• **INFORMATION PROVIDED**
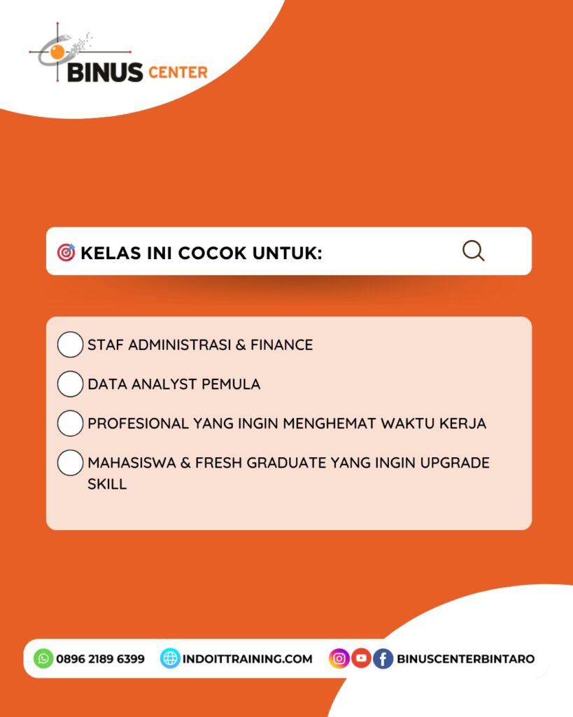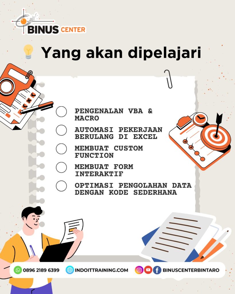 Ikuti kursus VBA & Macro Processing with Microsoft Excel di BINUS CENTER Bintaro. Dengan menguasai skill ini, Anda dapat menghemat waktu dan mengotomatiskan pekerjaan yang berulang di Excel, menjadikannya salah satu keterampilan yang paling dicari di dunia kerja!
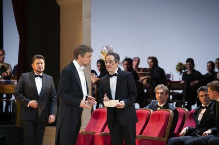 Думается, именно на этот акцент делал ставку маэстро Тилеман, когда уговаривал Георга Цеппенфельда выступить в партии главного нюрнбергского сапожника, и думается, неслучайно Ганс Закс в этой работе перестаёт быть добрым влюблённым в Еву дедушкой, каким мы привыкли его видеть. Мы видим Закса в роли режиссёра-распорядителя, готовящего представление мейстерзингеров с профессиональным тираническим мастерством: перед нами авторитарный лидер (!), мудрый, но беспощадный. Именно поэтому финальные слова об искусстве германского рейха звучат у Цеппенфельда гневным, пугающим призывом — призывом, безусловно, политическим, хотя напрямую тема беженцев и резкого сокращения воспроизводства коренного населения Германии, само собой, не прозвучала, хоть и читалась между строк.
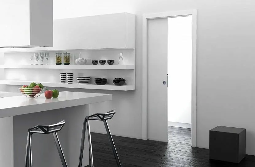 Практически незаметная дверь на кухнеИсточник profildoors-loft.ru/
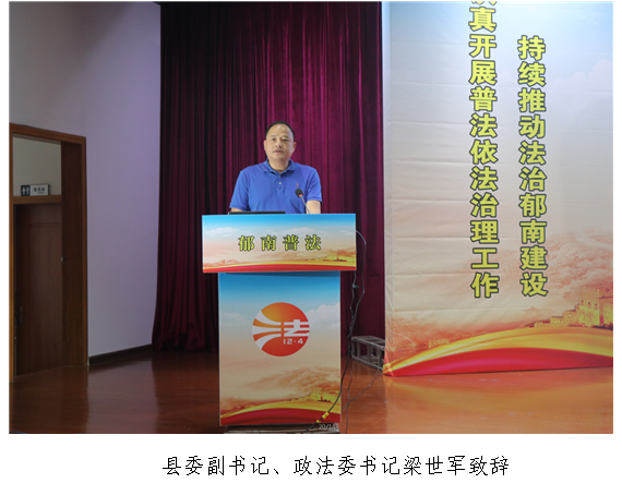 縣委副書記、政法委書記梁世軍致辭,他要求全縣各鎮(zhèn)、各部門要始終堅(jiān)持以習(xí)近平新時(shí)代中國特色社會(huì)主義思想為指導(dǎo),把法治宣傳教育工作作為事關(guān)全縣社會(huì)穩(wěn)定、經(jīng)濟(jì)發(fā)展的一把手工程來抓。要突出重點(diǎn),全面推進(jìn)《民法典》學(xué)習(xí)宣傳和貫徹實(shí)施。廣泛開展《民法典》普法、解讀、宣傳、教育,讓《民法典》走到群眾身邊、走進(jìn)群眾心里,特別是各級(jí)領(lǐng)導(dǎo)干部要做學(xué)習(xí)、宣傳、遵守和維護(hù)《民法典》的表率,切實(shí)提高運(yùn)用《民法典》維護(hù)人民權(quán)益、化解矛盾糾紛、促進(jìn)社會(huì)和諧穩(wěn)定的能力和水平。

• **EXERCISE GOAL**
Only the lines from the line with "Практически незаметная дверь" through the closing line of the data, both included, should be set down, exactly as written and without pictures.

• **SOLUTION TO THIS EXERCISE**
 Практически незаметная дверь на кухнеИсточник profildoors-loft.ru/
 縣委副書記、政法委書記梁世軍致辭,他要求全縣各鎮(zhèn)、各部門要始終堅(jiān)持以習(xí)近平新時(shí)代中國特色社會(huì)主義思想為指導(dǎo),把法治宣傳教育工作作為事關(guān)全縣社會(huì)穩(wěn)定、經(jīng)濟(jì)發(fā)展的一把手工程來抓。要突出重點(diǎn),全面推進(jìn)《民法典》學(xué)習(xí)宣傳和貫徹實(shí)施。廣泛開展《民法典》普法、解讀、宣傳、教育,讓《民法典》走到群眾身邊、走進(jìn)群眾心里,特別是各級(jí)領(lǐng)導(dǎo)干部要做學(xué)習(xí)、宣傳、遵守和維護(hù)《民法典》的表率,切實(shí)提高運(yùn)用《民法典》維護(hù)人民權(quán)益、化解矛盾糾紛、促進(jìn)社會(huì)和諧穩(wěn)定的能力和水平。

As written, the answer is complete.